Переломным моментом в жизни обновленческого руководства явилась эвакуация высшего духовенства из Москвы. В октябре 1941 года, в дни самых горячих и упорных боев в Подмосковье, в которых решалась судьба столицы, в квартире А.И.Введенского, в Сокольниках, раздался телефонный звонок. Приятный мужской голос с некоторой картавостью вежливо попросил А.И.Введенского, чтобы он прибыл в Московский Совет, в отдел эвакуации.
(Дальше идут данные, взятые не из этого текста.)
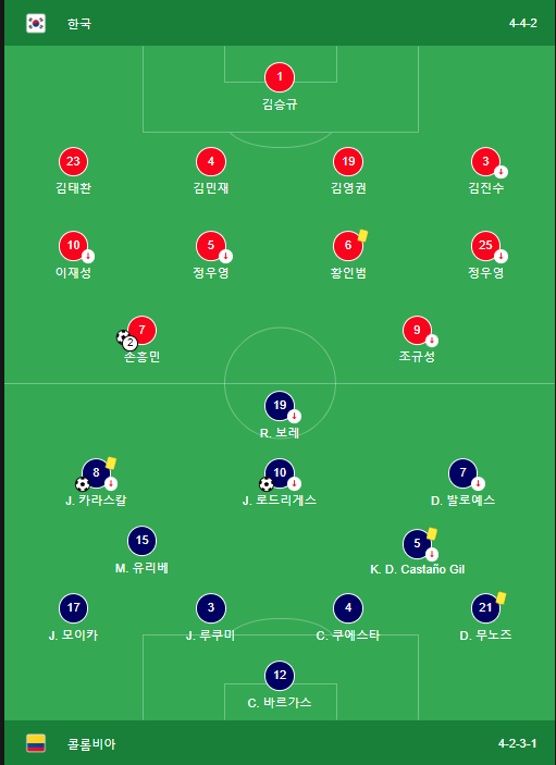 상대 콜롬비아의 점유가 떨어지고 패스성공률이 대한민국의 수치보다 낮은 것을 보면 대한민국의 압박의 강도가

Там, в отделе эвакуации, одетый в форму МГБ генерал, с совершенно очаровательной любезностью сообщил, что А.И.Введенский со своей семьей и митрополит Виталий сегодня вечером эвакуируются в Оренбург. «Там, в глубоком тылу, вам будет удобнее управлять Церковью, — вежливо заключил он разговор.

Каг огорошенный, вышел А.И.Введенский — вышел j. люва вернулся, стал указывать на полную невозможность оставить Москву без епископа — то, что он не может с семьей собраться так быстро, что это совершенно невероятная вещь — эвакуировать высшее духовенство из центра в тот момент, когда по всей стране развертывается грандиозная религиозно-патриотическая кампания.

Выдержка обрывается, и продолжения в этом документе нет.